• Records for the exercise:
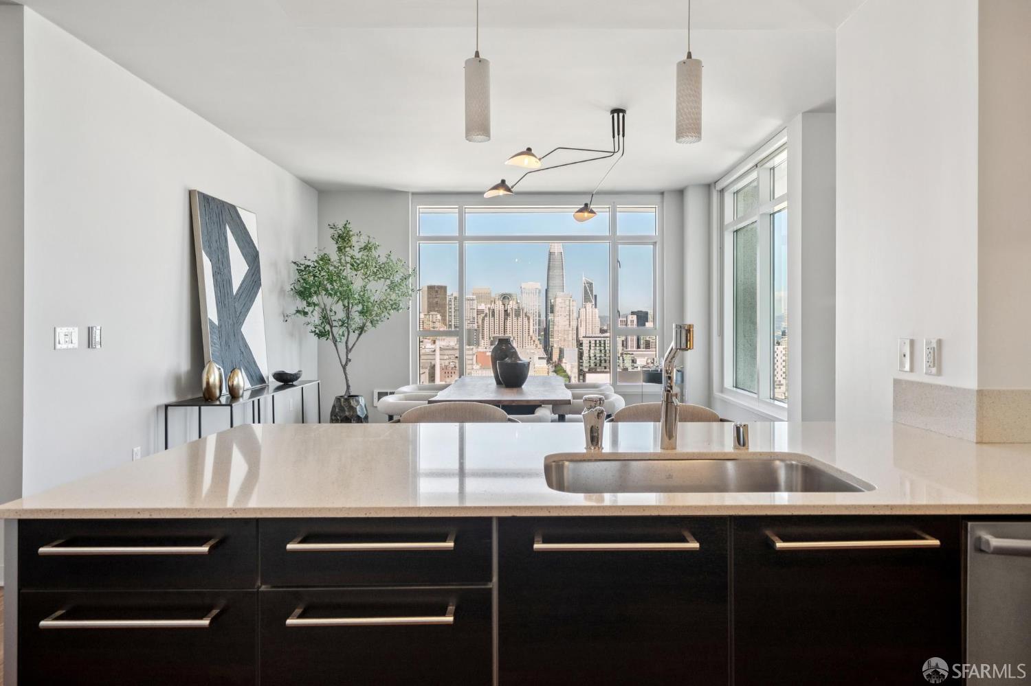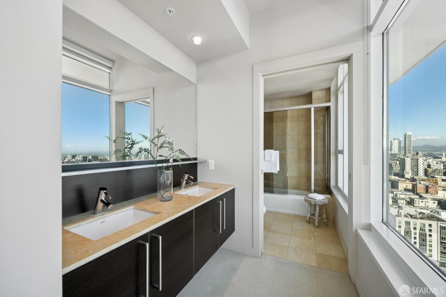 An iconic four-bedroom plus office penthouse showcasing some of SoMa's most breathtaking skyline and water views. Residences #2306 and #2304 have been seamlessly combined to create a spectacular 2,371-square-foot home defined by extraordinary scale and walls of wraparound windows that frame dramatic city and bay vistas from nearly every room. This expansive residence features four spacious bedrooms, three full bathrooms, and a dedicated office have been thoughtfully designed for elevated urban living. Three of the bedrooms occupy prime corner positions with sweeping wraparound windows, immersing each space in natural light and showcasing a serene yet dynamic city backdrop. From sunrise illuminating the Bay to evenings when the skyline sparkles against the night sky, the panoramic views are truly captivating and uniquely positioned from this exceptional height. The SoMa Grand is a full-service luxury building offering 24-hour concierge, complimentary housekeeping, a state-of-the-art fitness center, spa with hot tub, coffee service, and more. Penthouse #2306 stands apart for its rare scale, functionality, and uninterrupted connection to the sky. Ideally located in the heart of SoMa, just moments from renowned theaters, the vibrant energy of Hayes Valley, and the cultural amenities of the Yerba Buena District. Enjoy easy access to cafes, fine dining, shopping, freeway connections, MUNI lines, and BART. A truly rare opportunity to own one of SoMa's premier penthouse residences.
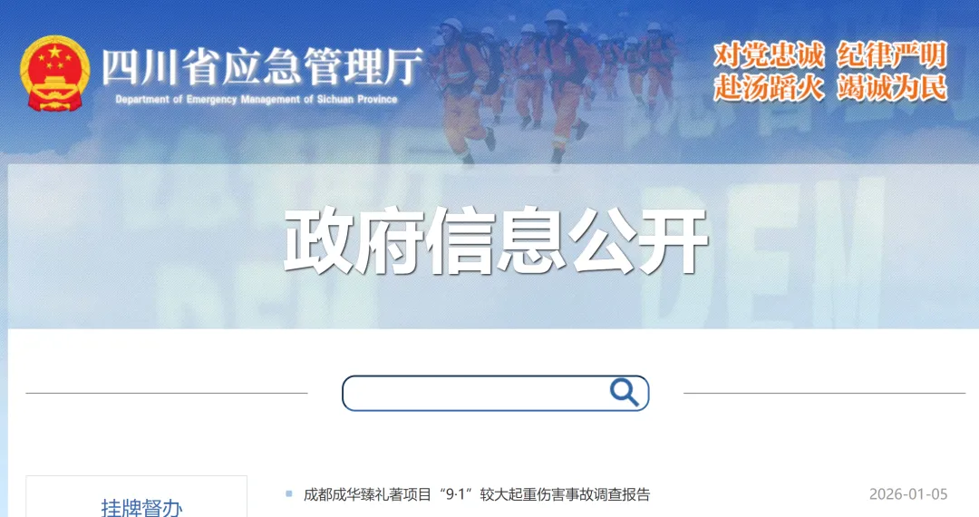 2025年9月1日10时左右,成都市成华区万年场街道槐树店路16号臻礼著项目发生一起较大起重伤害事故,造成5人死亡,直接经济损失1363.16万元。事故发生后,省委、省政府高度重视,派出工作组现场指导事故救援工作,并由省政府牵头成立事故调查组,对事故实行提级调查。有关纪检监察机关按照干部管理权限,依规依纪依法对12名公职人员进行了严肃追责问责,公安机关对涉嫌违法犯罪的4名涉案人员进行立案侦查。
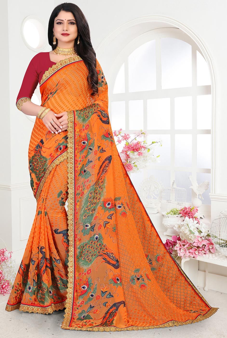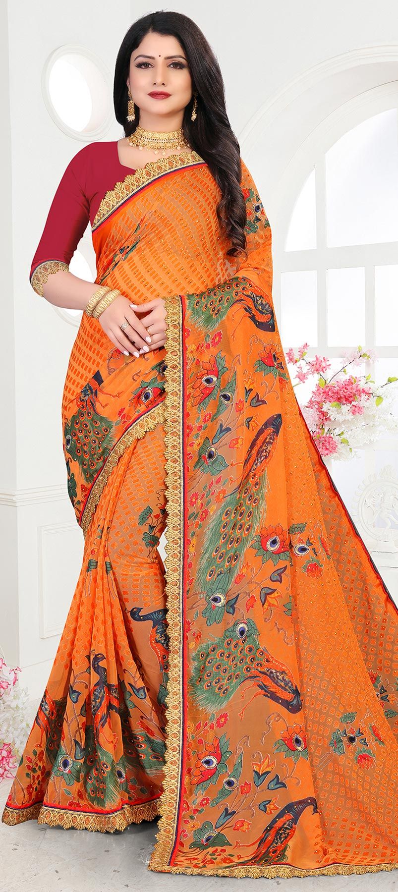 Orange color Saree in Art Silk, Silk fabric with Embroidered, Stone, Thread work
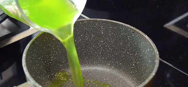4.把黃瓜汁轉移到鍋中,開小火煮一會兒。
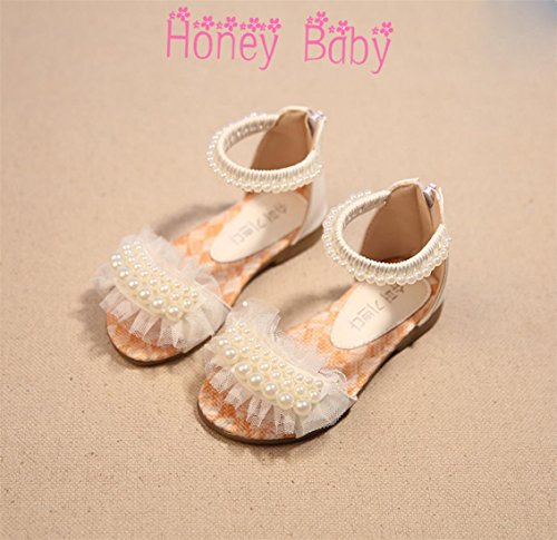 Honey baby ガールズ フォーマル靴 パール レース女の子シューズ ダンスシューズ フラットシューズ 女児 サンダル フォーマル 結婚式 発表会 お出かけ 通園 通学 プレゼント 夏 (内寸15cm, ホワイト)
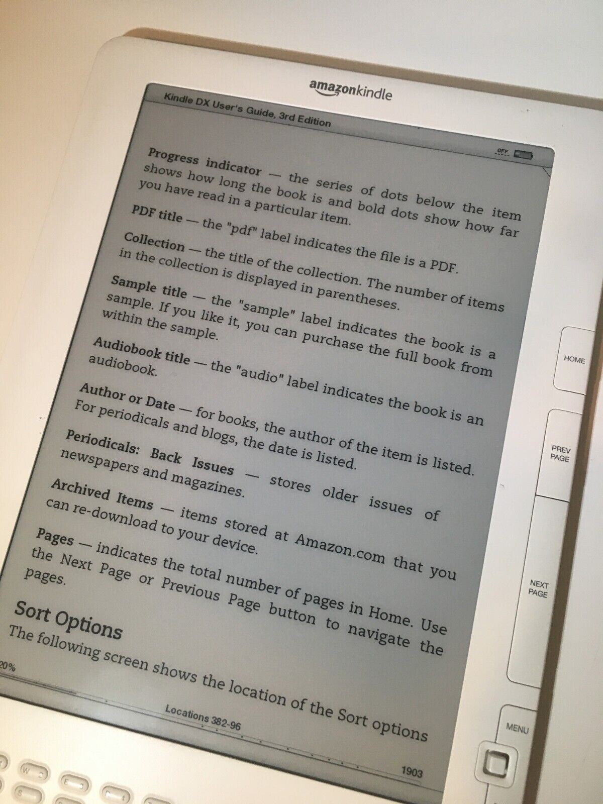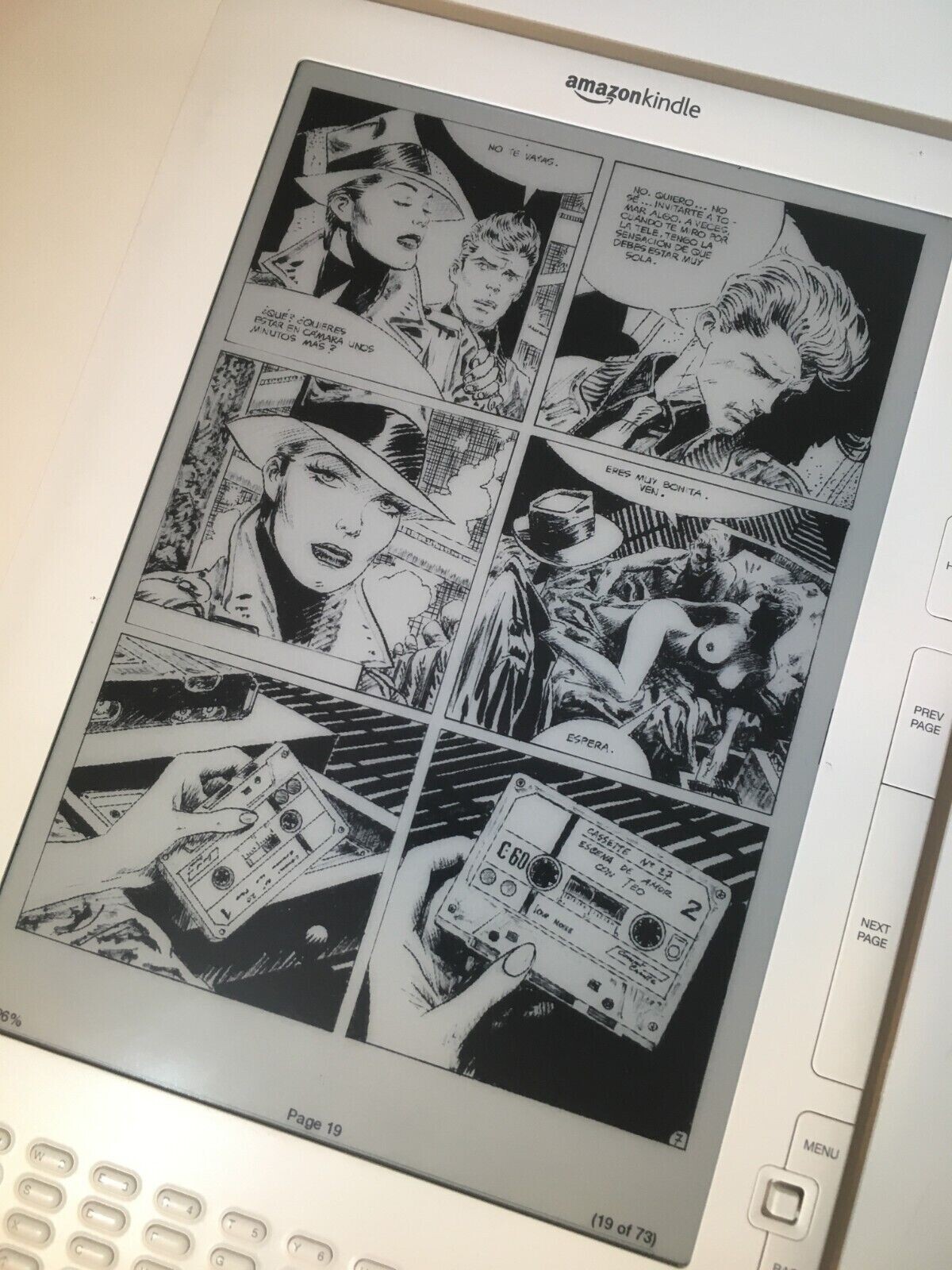 Kindle Deluxe 9,7 pollici. Il e-book ideale per leggere manga. Prodotto Ricondizionato: Batteria e schermo nuovi. Si basa su una particolare tecnologia denominata “ inchiostro elettronico ”, pensata proprio per imitare l’aspetto dell’inchiostro su un normale foglio di carta. Questo tipo di innovazione permette al lettore di leggere per molte ore, senza affaticare la vista. Cosa che invece si verifica piuttosto spesso quando si utilizzano normali dispositivi come pc e tablet. dimensioni: circa 26,4 cm × 18,3 cm × 1 cm autonomia: da 2 giorni di lettura (con wifi attivo) a 1 settimane (spegnendo il collegamento wifi) rotazione della visualizzazione: automatica, ruotando lo schermo la visualizzazione passa da verticale a orizzontale e viceversa. La tipologia di navigazione e la possibilità di acquistare materiale on-line è simile al modello precedente. Scheda tecnica Schermo 9.7 pollici grigio 16 livelli risoluzione: 1200x824, 150 punti per pollice Tipo di schermo E-Ink Pearl Rotazione schermo SI Comandi tastiera + pad Memoria 4 GB, La memoria disponibile per l'utente 3.3 Gbyte (=3000 volumi digitali circa) Espandibilità mem. non espandibile Formati supportati AZW, MOBI, PDF TXT,DOC,JPEG,PNG,GIF,BMP Text to speech SI Riproduzione audio SI Formati audio MP3,AAX Connettivita' wireless NO Altre connessioni 3G USB SI - microUSB Durata batteria 14 giorni - in pagine:7500 Peso 535 gr Dimensioni (AxLxP) 264 x 182 x 9,6 mm Contenuto della confezione cavo USB Note uscita audio jack 3.5mm stereo, altoparlanti stereo. Text-to-speech inglese.
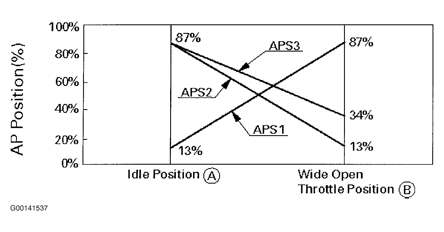 Accelerator Position Sensor (APS) located on accelerator pedal provides a voltage signal relative to accelerator pedal angle to PCM. APS signal is used by PCM to determine throttle valve adjustment position. APS signal is processed by PCM, PCM then commands throttle valve motor to move throttle valve. If scan tool indicates an APS failure, or an APS DTC is stored in memory, use following procedure to adjust APS:
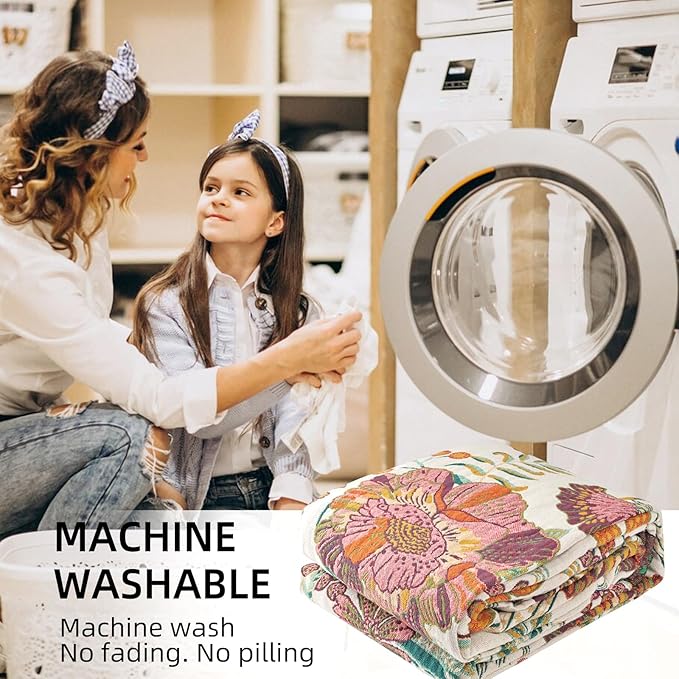 Boho Throw Blanket for Bed - 100% Pure Cotton Ultra Soft Rustic Quilt - Farmhouse Decor Bed Blankets, All Season Rustic Throw for Sofa Couch Chair(60"×80", Floral Blossom)
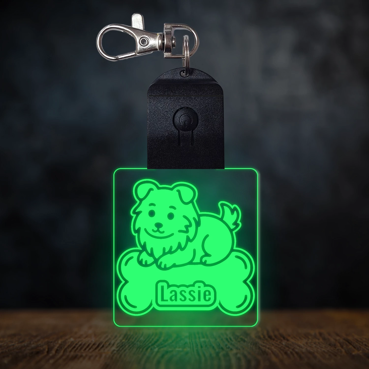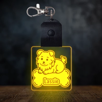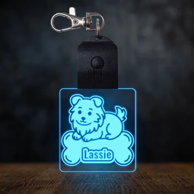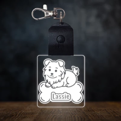 Skót juhász világító led kulcstartó - Egyedi felirattal
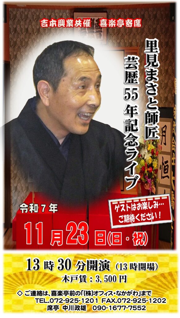 11月23日(祝) まさと師匠「芸歴55年お礼ライブ」を開催いたします!
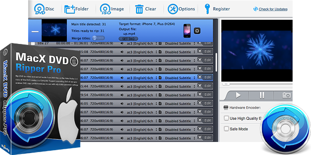MacX lets you rip any DVD on Macbook Pro, Air/iMac to Apple-specific MP4, MOV, H.264, HEVC that are compact and playable on iPhone, iPad Pro/Air/Mini, iPod & Apple TV.
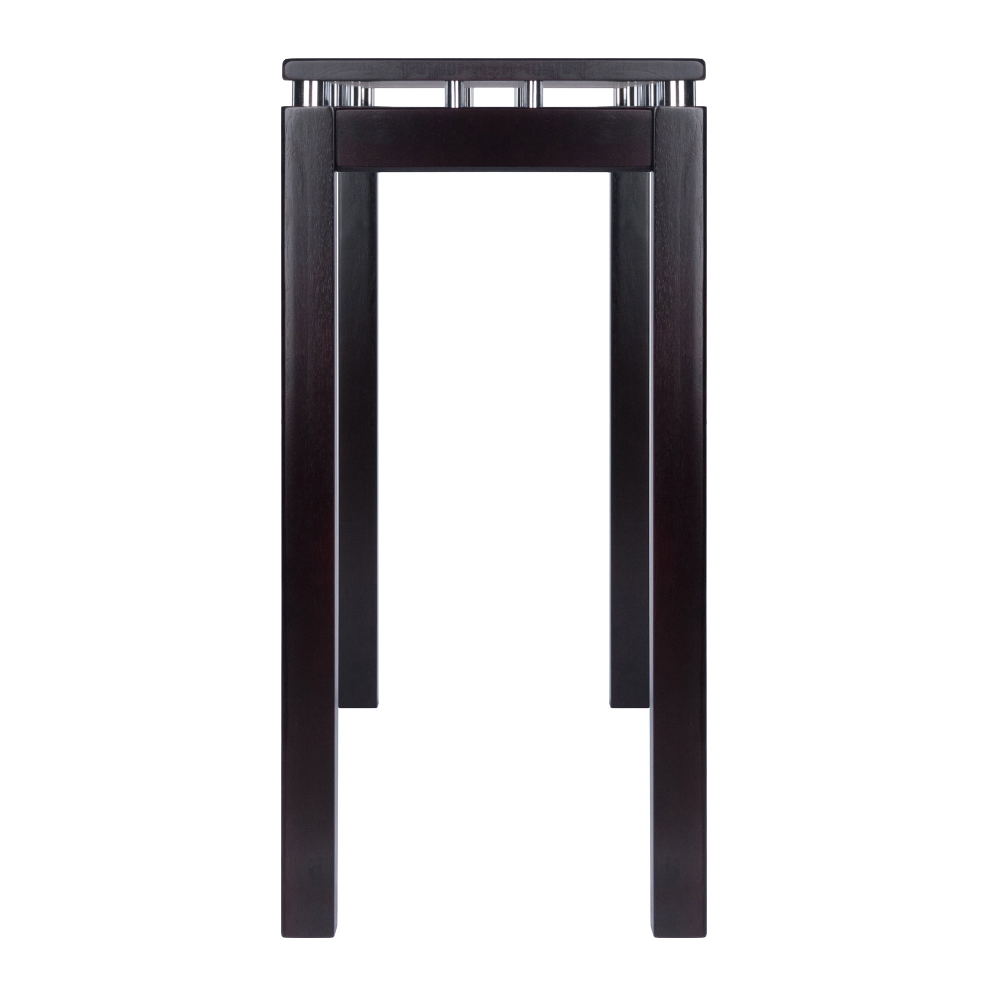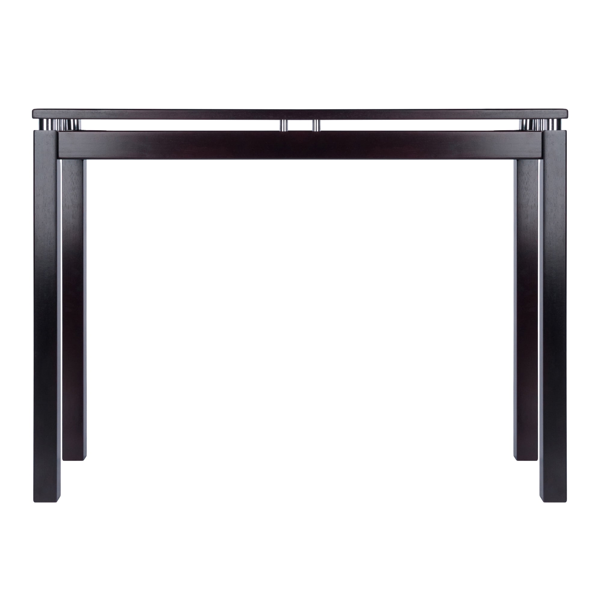 Winsome Wood is featuring the sleek and stylish Linea design that includes the Linea Console Table. Designed to complement most decor, this console table is a sensible choice to add to your living room, hall way or even bed room. It’s rich espresso finish makes it easy to compliment almost any décor all while the chrome accents offer a striking contrast of elegance. The stylish and unique design of this console table makes it an attractive addition to any room, while the broad, flat surface has many practical uses all while still conserving space. Great for displaying family photos, knick-knacks or a flower arrangement. Finish off your area with the additional items from the Winsome Linea collection for a unified space (each sold separately). The Linea collection is crafted from a combination of solid and composite wood. Conveniently packed and shipped in 1 box, that includes the hardware necessary for assembling.
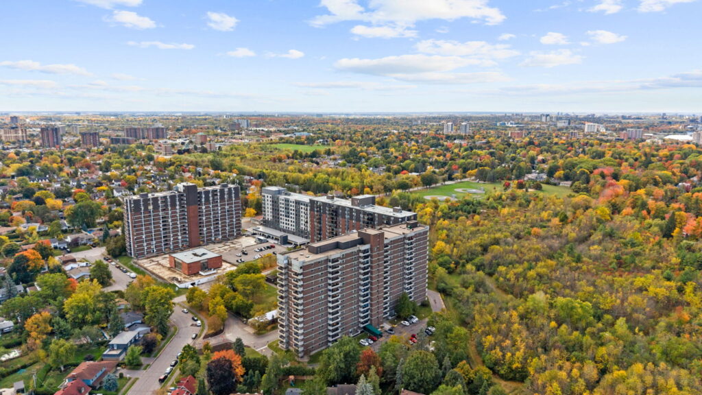 - Approximately 1,244 sq ft of bright, open living space with forest and downtown skyline views
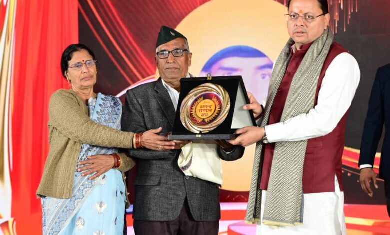 देहरादून। मुख्यमंत्री पुष्कर सिंह धामी ने शुक्रवार को सहस्त्रधारा रोड, स्थित एक होटल में उत्तराखंड अनन्य सम्मान कार्यक्रम में प्रतिभाग किया। इस दौरान मुख्यमंत्री ने शहीद सैनिकों के परिजनों को सम्मानित किया। मुख्यमंत्री ने शहीदों को श्रद्धांजलि अर्पित करते हुए कहा कि शहीदों के परिजनों का संघर्ष, पीड़ा और देश के प्रति अटूट निष्ठा हम सभी के लिए प्रेरणा है। उन्होंने कहा देवभूमि उत्तराखंड वीरभूमि के रूप में भी जाना जाता है। प्रदेश के लगभग प्रत्येक परिवार का सदस्य सेना या अर्ध सैनिक बलों से जुड़ा हुआ है। उत्तराखंड के वीर सपूतों ने अपने प्राणों की बाजी लगाकर मातृभूमि की रक्षा की है।
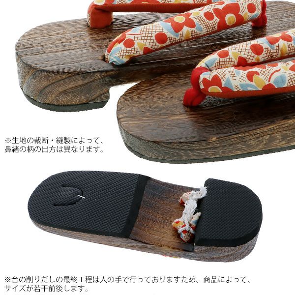 【カラー】鼻緒はオレンジ色のレトロなお花模様。台は焼桐の焦げ茶色。
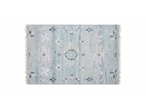 Hand-knotted wool-viscose area rug with a low pile and fringe, blending traditional style with a soft feel underfoot. Handmade in India for a timeless, elegant accent.
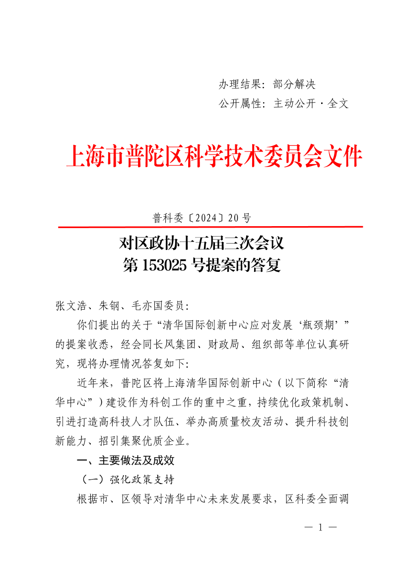 你们提出的关于“清华国际创新中心应对发展‘瓶颈期’”的提案收悉,经会同长风集团、财政局、组织部等单位认真研究,现将办理情况答复如下:
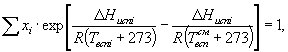 хi - мольная доля i-го компонента в смеси (в жидкой фазе);

• Exercise goal: Without the pictures, set down the lines above from the line with "Boho Throw Blanket" up to and including the line with "MacX lets you" exactly as they stand.

• Solution:
 Boho Throw Blanket for Bed - 100% Pure Cotton Ultra Soft Rustic Quilt - Farmhouse Decor Bed Blankets, All Season Rustic Throw for Sofa Couch Chair(60"×80", Floral Blossom)
 Skót juhász világító led kulcstartó - Egyedi felirattal
 11月23日(祝) まさと師匠「芸歴55年お礼ライブ」を開催いたします!
MacX lets you rip any DVD on Macbook Pro, Air/iMac to Apple-specific MP4, MOV, H.264, HEVC that are compact and playable on iPhone, iPad Pro/Air/Mini, iPod & Apple TV.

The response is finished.